The National Science Foundation normally awards grants to various types of organizations. The cost principles applicable to the awardee vary depending upon the type of organization. For instance, commercial firms are normally held to the Federal Acquisition Regulations (FAR) for cost principles (FAR Part 31) and financial management systems that comply with OMB Circular A-110, Subpart C.21 (2 CFR §215.21).
The NSF SBIR/STTR program is usually governed by a special set of NSF regulations (Phase I and Phase II) found on the NSF website. The NSF also allows the applicant for Phase I awards to budget up to $10,000 to set-up a job cost accounting system and get through the CAP review. As an awardee, it is imperative that your set-up and maintain an accounting system with job costing capabilities for your NSF Ph I award (meaning you are able to track all direct costs/expenditures for each contract, grant, or "job" separately, so you can prove the money spent was in accordance with your budget). With the submission of cost reports, and the final report, the government wants you to declare, under penalty of perjury, that the money spent was in accordance with the proposed budget. The only way to prove this is to have a job cost accounting system, and a properly maintained labor distribution & timekeeping system.
ReliAscent® recommends that all Ph I winners hire a local or outsourced bookkeeping or CPA firm to handle their books during the Ph I. As long as companies track ALL TIME SPENT on the grant (we strongly recommend companies implement a DCAA compliant timekeeping system, and we offer a manual, Excel-based system on our website at no charge), track ALL DIRECT EXPENSES, and can provide complete financial records and statements, our experts can help small businesses pass the CAP review and move to Ph II.

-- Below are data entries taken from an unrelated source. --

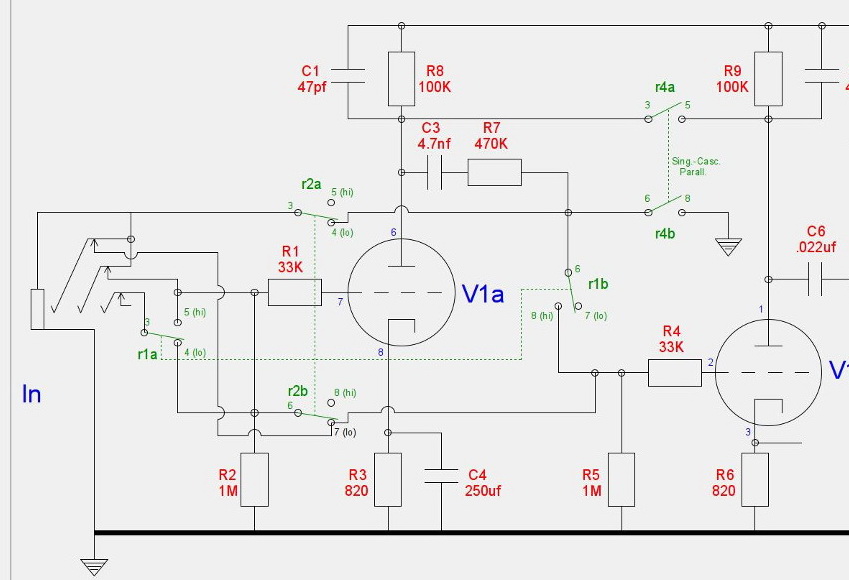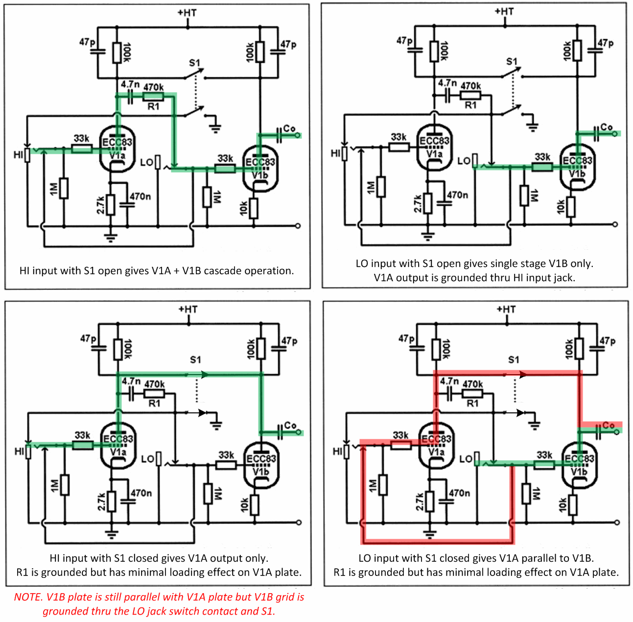 Quando viene usato l'ingresso HI R1 (R7 del tuo schema) viene disconnessa dalla massa e resta collegata allo switch dell'ingresso LO, quindi il segnale entra in V1a, ne esce e va alla griglia di V1b per essere ulteriormente amplificato, in questo modo si ha un normale circuito con due stadi in cascata
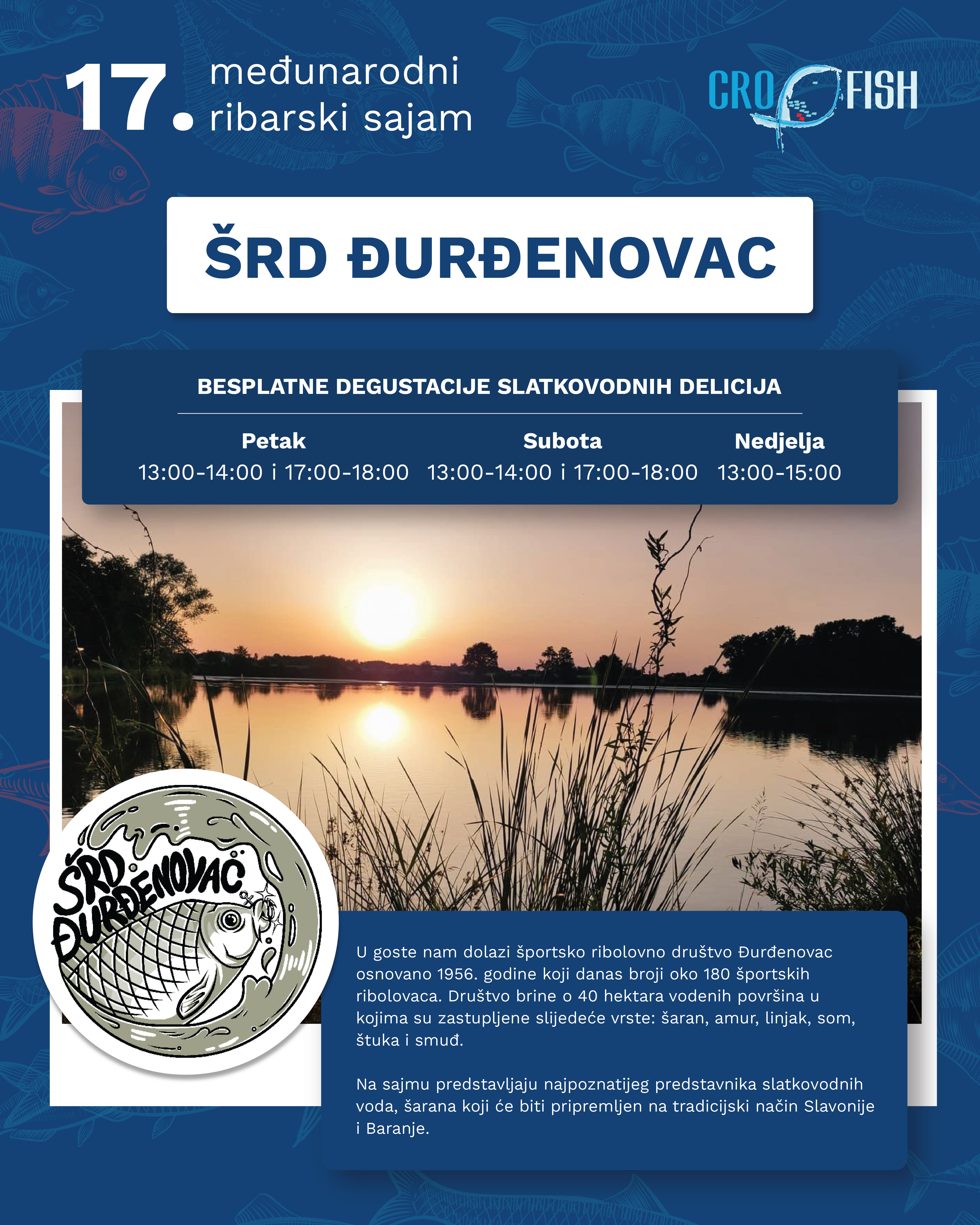 17:00 - 18:00 Besplatne degustacije slatkovodnih delicija, ŠRD Đurđenovac
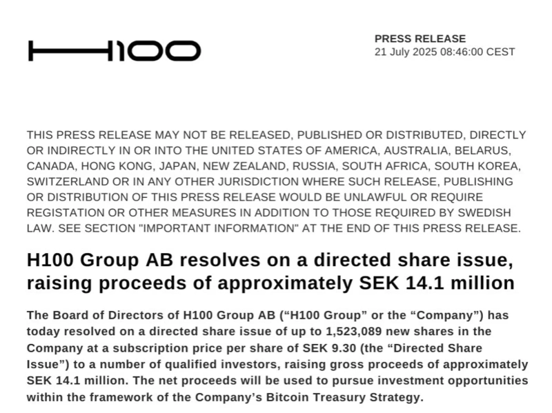 Swedish health company 'H100 Group', which has adopted a Bitcoin (BTC) accumulation strategy, has raised an additional 14.1 million kronor (approximately $1.47 million).
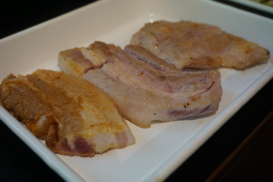 三種豬肉(由左至右為韓國水梨醃豬五花、豬五花、豬松坂。)
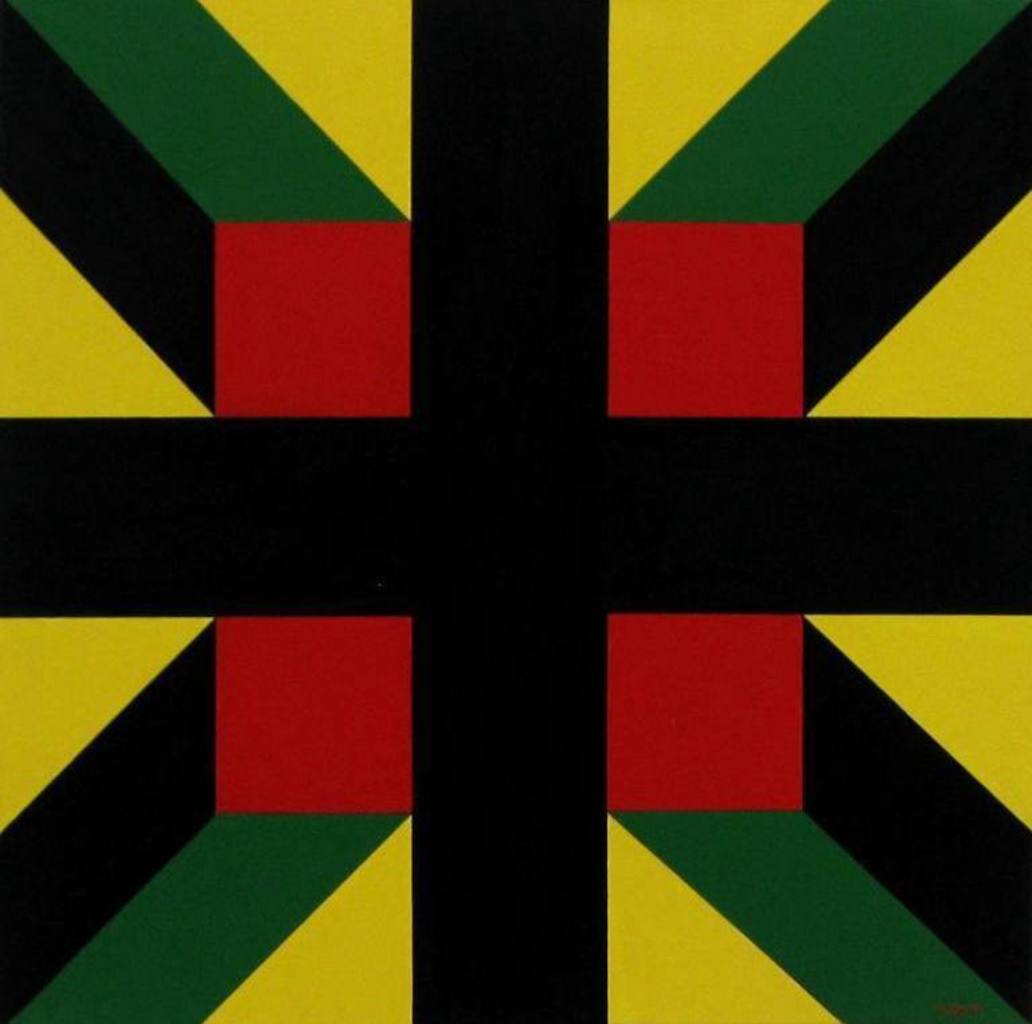 Geometrisch werk op doek: Kruisbalk 1 is onderdeel van een drieluik.

Before a small business receives its Phase II award, Cost Analysis & Pre-Award (CAP) Branch Auditors will need to verify that the Phase I spending was made in accordance with FAR Part 31. Meaning, you must produce a Ph I spending report (as if the award were a cost-type contract, instead of fixed price). If you fail to produce this report correctly (as well as a number of other documents), you will not receive the phase II funding!
The NSF Financial Capability Review (also known as CAP Review) is a very serious matter for companies that have been technically selected for award of a Phase II grant. The NSF tries to prepare a company for the CAP review by getting its Program Officers (Technical Contact for Phase I grantees) involved to determine the existence of, and sometimes help a company achieve, a minimum level of competence in the accounting and administrative business disciplines. Sometimes, companies mistake this effort by the Program Offices as the CAP review itself.
However, the Program Officer (PO) is trying to see if the company is ready for the CAP review. Their process is less precise and more forgiving when it comes to errors and lack of knowledge than the formal CAP review, and it involves some amount of back-and-forth communication between the PO and the company if the company is able to be coached. The PO’s process is also more personal because there is a person to talk to. The PO has a limited amount of time and patience to get a sense if a company has the necessary financial and accounting knowledge to potentially pass a CAP review. If they don’t get the correct responses in the time they have available, they will not recommend to the NSF CAP group that the company be asked for a formal CAP submittal.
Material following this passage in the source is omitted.